A `BaseMachine topology a b` is index by its `topology`, the type `a` of its inputs and the type `b` of its outputs. In fact, there is another type which needs to be defined in order to implement a `BaseMachine` and that is the type of its possible states.
#### Describing the states space
To define the complete set of possible states of our machine, we need to say which are the possible states for every vertex of the topology.
To do this, we need to associate to every vertex the type of the states allowed for that vertex. We can achieve this by using a GADT like the following:
```haskell
data ExampleState (vertex :: ExampleVertex) where
FirstVertexState :: Int -> ExampleState 'FirstVertex
SecondVertexState :: String -> ExampleState 'SecondVertex
ThirdVertexState :: Bool -> ExampleState 'ThirdVertex
```
This says that the first vertex will contain an `Int`, the second vertex a `String` and the third vertex a `Bool`.
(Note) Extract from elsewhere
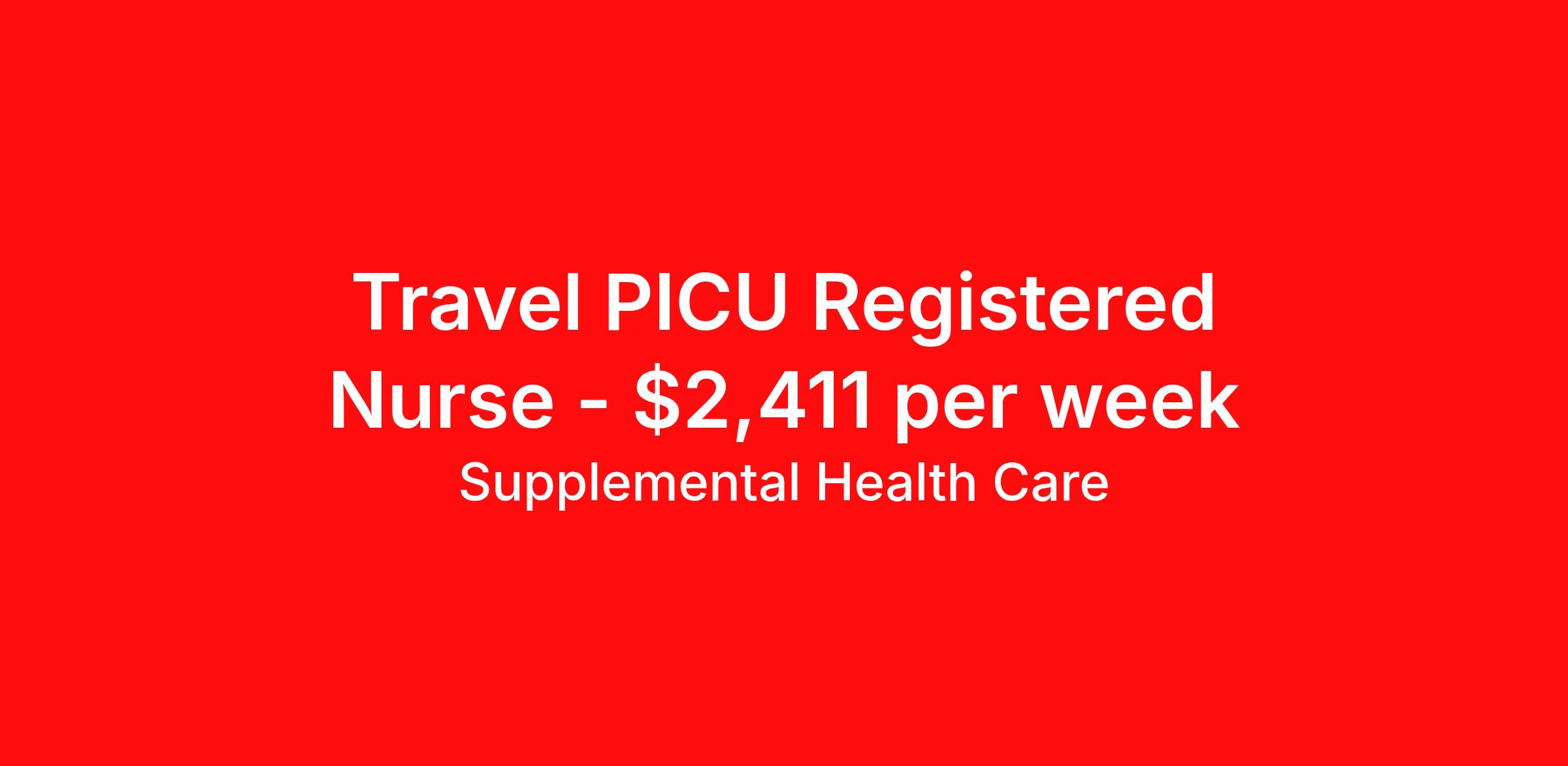 Supplemental Health Care is seeking a travel nurse RN PICU - Pediatric Intensive Care for a travel nursing job in Minneapolis, Minnesota. Job Description & Requirements Specialty: PICU - Pediatric Intensive Care Discipline: RN Start Date: ASAP Duration: 13 weeks 36 hours per week Shift: 12 hours, days, nights Employment Type: Travel Job Description: Supplemental Health Care is connecting PICU, Critical Care - ICU Registered Nurses with top-tier hospital contracts in Minneapolis, Minnesota. Travel or stay local, either way, we’ll guide you to an opportunity that matches your goals, offering excellent pay, benefits, and support. Qualifications: Current Minnesota Registered Nurse License / Certification American Heart Association BLS 1 to 2 years of recent PICU, Critical Care - ICU experience PICU, Critical Care - ICU Registered Nurse Contract Details: $2,164 - $2,411 per week* Weekly pay 12-week contract with possibility to extend AM shifts available *Estimated weekly payment may include both taxable wages and tax-free reimbursements for meals, housing, and incidentals. Please speak with a recruiter for details. What We Offer: Full medical, dental, vision, life, and even pet insurance! Round the clock support. No matter where you are or what time it is, Supplemental Health Care is standing by. SHC's Share the Care referral program is the most dynamic, profitable referral program in the industry. 401(k) Retirement Savings Program with a wide range of investment options. Discounted and free online access to CEU courses through Supplemental University. Apply now to launch your next PICU, Critical Care - ICU Registered Nurse assignment, or ask our team about other exciting Registered Nurse opportunities. Supplemental Health Care is an Equal Opportunity Employer. All candidates, including veterans and those with disabilities, are encouraged to apply. SHC will consider for employment qualified applicants with criminal histories in a manner consistent with the requirements of applicable local, state, or federal law. To learn more, visit www.shccares.com/eeo Supplemental Health Care Job ID 1468792. Pay package is based on 12 hour shifts and 36 hours per week (subject to confirmation) with tax-free stipend amount to be determined. Posted job title: PICU, Critical Care - ICU Registered Nurse About Supplemental Health Care At Supplemental Health Care, a simple belief in the power of caring guides a unique commitment to world-class service in healthcare staffing. For 40 years, we’ve supported talented professionals pursuing their life calling in hospitals, schools, home health, corrections, behavioral health, and other settings. At SHC, we inspire vital connections and enrich lives and inspire better outcomes. As recipients of the Best in Staffing Awards for both Client and Talent, Supplemental Health Care is proud to be among only 2% of staffing companies singled out for the distinction based on the real feedback of our employees and the clients we serve. SHC has also earned The Joint Commission’s Gold Seal of Approval and is named among the Largest Health Care Staffing companies in the United States by Staffing Industry Analysts. We are also thrilled to recognize our very own SLP, Dr. Kelly Byrd as the American Staffing Association 2024 National Staffing Employee of the Year and Health Care Sector All-Star. We’re honored to connect Dr. Byrd to employment, share her incredible story, and support her family literacy nonprofit. For everyone that we serve, SHC is the place where caring hearts thrive. Benefits Referral bonus Benefits start day 1 401k retirement plan Continuing Education Discount program Health savings account

Notice how we are using `ExampleVertex` as a kind and `'FirstVertex`, `'SecondVertex` and `'ThirdVertex` as types of that kind.
#### Implementing the machine logic
Now that we have defined all the relevant types (i.e. the topology, the state, the input and the outputs of the machine), we can eventually define its internal logic.
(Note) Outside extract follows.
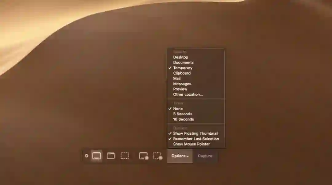 习惯使用 macOS 自带截图功能的朋友应该都知道,我们可以使用 ⇧Shift-⌘Command-3、⇧Shift-⌘Command-4 和 ⇧Shift-⌘Command-4-space 等快捷键来制作不同类型的截图,还可以在使用这些快捷键的同时按住 ⌃Control 键来将所有截图直接添加到剪贴板。如果你记不住这些快捷键或者嫌麻烦,现在你可以在 Mojave 中使用一个快捷键来获取所有的功能。点击快捷键 ⇧Shift-⌘Command-5,会出现一个全新的截图窗口,你可以直接在工具栏上选择全屏截图、区域截图、窗口截图、全屏录制或者区域录制,也可以直接修改保存路径、倒计时等其他设置。

A `BaseMachine` requires two things to be defined, its initial state and its action logic, which defines how to evolve the state and which output should be emitted when an input is received.
##### Defining the initial state
The initial state has type `InitialState state`, which is defined as
```haskell
data InitialState (state :: vertex -> Type) where
InitialState :: state vertex -> InitialState state
```
The `state` parameter is a type of kind `vertex -> Type`. It has a single constructor which requires a value of type `state vertex`.
In our example, we need to define a value of type `InitialState ExampleState` (`ExampleState` is a type of kind `ExampleVertex -> Type`, so it fits perfectly!). Hence, we need a value of type `ExampleState vertex` to construct it. Since `ExampleState` has three constructors, we have three options:
- storing an `Int` in the first vertex, with `FirstVertexState`
- storing a `String` in the second vertex, with `SecondVertexState`
- storing a `Bool` in the third vertex, with `ThirdVertexState`
For the sake of the example, let's say we pick the first option, and we define
```haskell
initialState = InitialState $ FirstVertexState 42
```
##### Defining the action logic
The last thing we need to define is how the machine should react to receiving an input. This is described by the `action` field which has the following type
```haskell
action
:: state initialVertex
-> input
-> ActionResult m topology state initialVertex output
```
In practice, for every possible state and received input, we need to define the final state and the emitted output. The type is a bit fancier because it is actually constraining the state transition to respect the `topology`. If we try to implement a transition which is not allowed by the topology, the code will simply fail to compile. Apart from that, `ActionResult` is just a newtype around a pair `(output, state finalVertex)`.
Concluding our example, we could implement action as follows
```haskell
action = \case
FirstVertexState i -> \input ->
if i > 10
then ActionResult (_, SecondVertexState (_ :: String))
else ActionResult (_, ThirdVertexState (_ :: Bool))
SecondVertexState s -> \input ->
ActionResult (_, ThirdVertexState (_ :: Bool))
ThirdVertexState b -> \input ->
ActionResult (_, ThirdVertexState (not b))
```
where we left some holes, which can be freely filled depending on the output type and the logic of the machine.
Notice that for the third vertex, we implemented our machine so that every transition would just end up in the same vertex. Such a transition is not explicitly included in our `ExampleTopology`. This still works because every trivial transition from a vertex to itself is always allowed.